Le site de l’association Chaloupe à vapeur est très bien documenté à tous les niveaux. Martin Cretegny, l’un de ses bénévoles, a su pour sa part se faire pédagogue pour expliquer le fonctionnement d’une machine à vapeur comme celle de Dom Juan : « Usuellement, le terme de moteur à explosion est utilisé pour les véhicules automobiles. Le terme correct devrait être moteur à combustion interne, car la combustion du carburant se fait à l’intérieur du cylindre – l’explosion. Celle-ci repousse le piston, et par le biais du mécanisme bielle-manivelle, transforme ce mouvement alternatif en rotation. La machine à vapeur est un moteur à combustion externe. La combustion génère de la chaleur qui va permettre la transformation de l’eau en vapeur – cette transformation se passe dans la chaudière à l’extérieur du moteur. La chaudière étant close, la pression va augmenter. Le cylindre se déplace alors sous cette pression et le système de bielle-manivelle va transformer ce déplacement alternatif en rotation. 

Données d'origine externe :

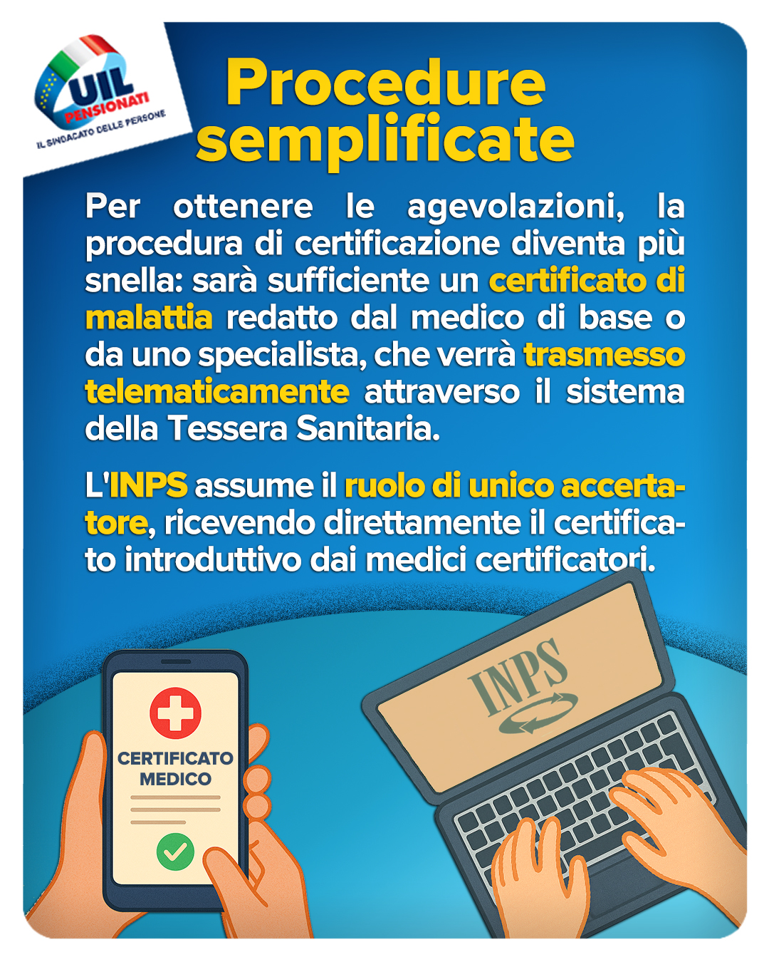 L’INPS assume il ruolo di unico accertatore, ricevendo direttamente il certificato introduttivo dai medici certificatori.

« Le double effet : si vous prenez le pédalier de votre vélo pour réaliser un tour de pédales, votre pied gauche va succéder à votre pied droit. Chacun ne faisant que pousser vers le sol. D’ailleurs votre jambe et le pédalier sont une forme de bielle-manivelle double – jambe gauche et jambe droite. Dans le cas d’une machine à vapeur, nous parlons de double effet car la vapeur va être injectée successivement sus et sous le piston de manière à pousser puis tirer le piston. Le pilotage de l’injection se fait par le vilebrequin – pièce unique composée de l’ensemble des manivelles du moteur. Celui-ci possède un même système de bielle-manivelle servant à déplacer un tiroir qui va injecter successivement la vapeur sur et sous le piston et inversement ouvrir l’échappement pour évacuer la vapeur détendue. 

« Le moteur Compound (“composé”) possède plusieurs cylindres en série. Ainsi, la vapeur d’échappement du premier cylindre – haute pression – va être injectée dans un deuxième cylindre – basse pression. Un moteur Compound peut avoir deux, trois, voire quatre cylindres successifs permettant de bénéficier de l’ensemble de la détente de la vapeur. » N. C.